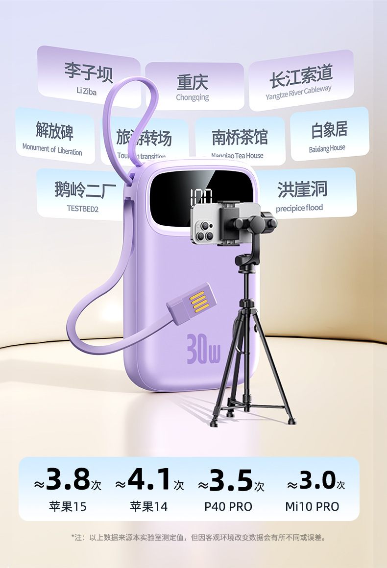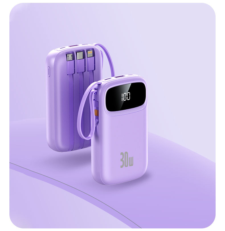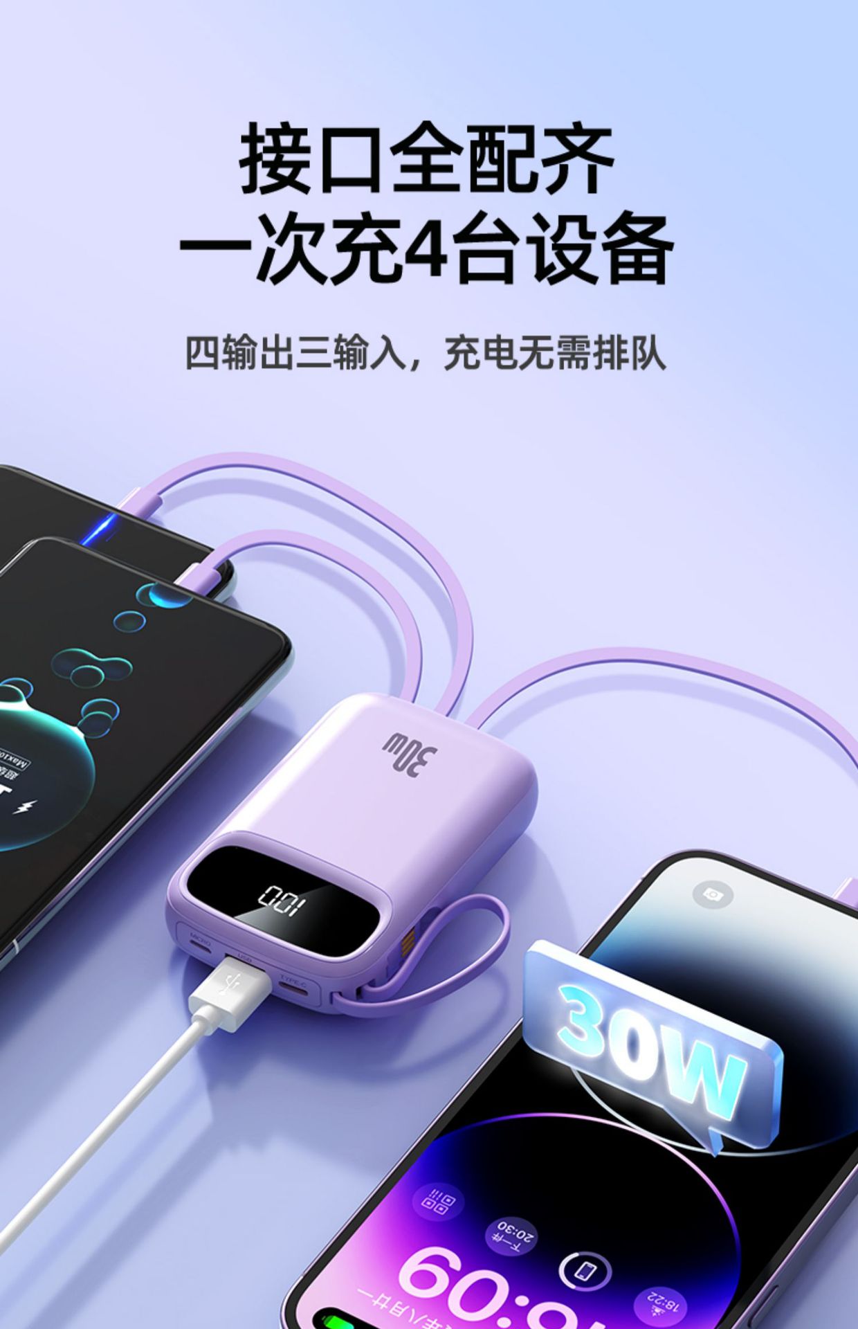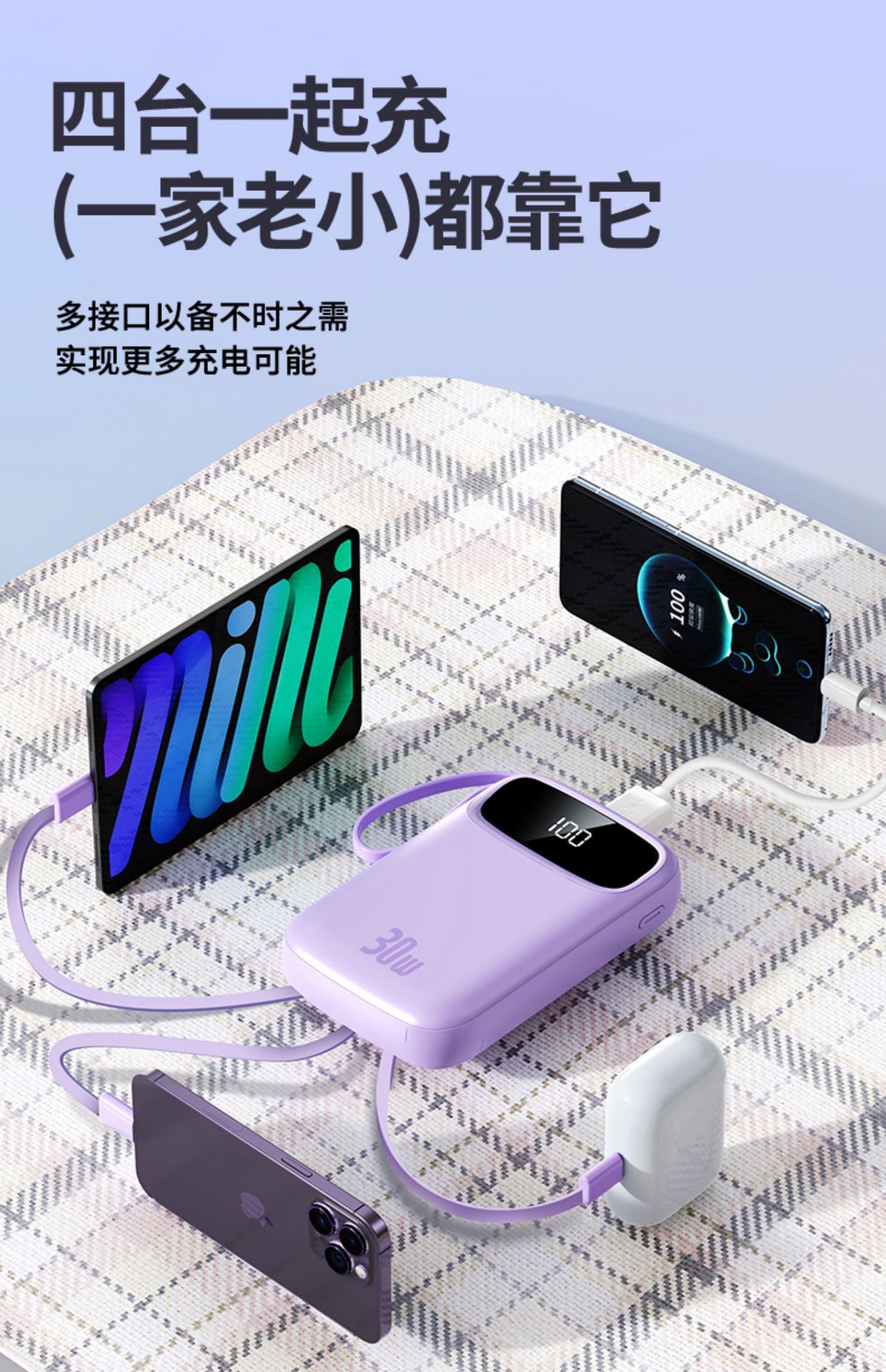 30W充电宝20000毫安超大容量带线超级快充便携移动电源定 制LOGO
* * *
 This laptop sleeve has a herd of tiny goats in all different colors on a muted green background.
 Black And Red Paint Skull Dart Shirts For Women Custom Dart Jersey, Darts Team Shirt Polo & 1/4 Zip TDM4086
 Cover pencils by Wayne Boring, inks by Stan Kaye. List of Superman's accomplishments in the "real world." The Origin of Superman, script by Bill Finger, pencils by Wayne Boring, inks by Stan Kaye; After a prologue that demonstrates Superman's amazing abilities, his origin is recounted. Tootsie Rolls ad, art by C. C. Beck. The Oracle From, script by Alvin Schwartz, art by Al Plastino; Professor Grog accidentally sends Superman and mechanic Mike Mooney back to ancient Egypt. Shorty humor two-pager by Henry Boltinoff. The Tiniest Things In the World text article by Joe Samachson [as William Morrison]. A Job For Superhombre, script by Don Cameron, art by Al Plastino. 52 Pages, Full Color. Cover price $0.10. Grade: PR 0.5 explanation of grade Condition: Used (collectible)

◆ **Task requirements**
From the listing above, the lines starting with the one that has "This laptop sleeve" and running through the one that has "Black And Red" should be copied exactly, ends included.

◆ **Exercise result**
 This laptop sleeve has a herd of tiny goats in all different colors on a muted green background.
 Black And Red Paint Skull Dart Shirts For Women Custom Dart Jersey, Darts Team Shirt Polo & 1/4 Zip TDM4086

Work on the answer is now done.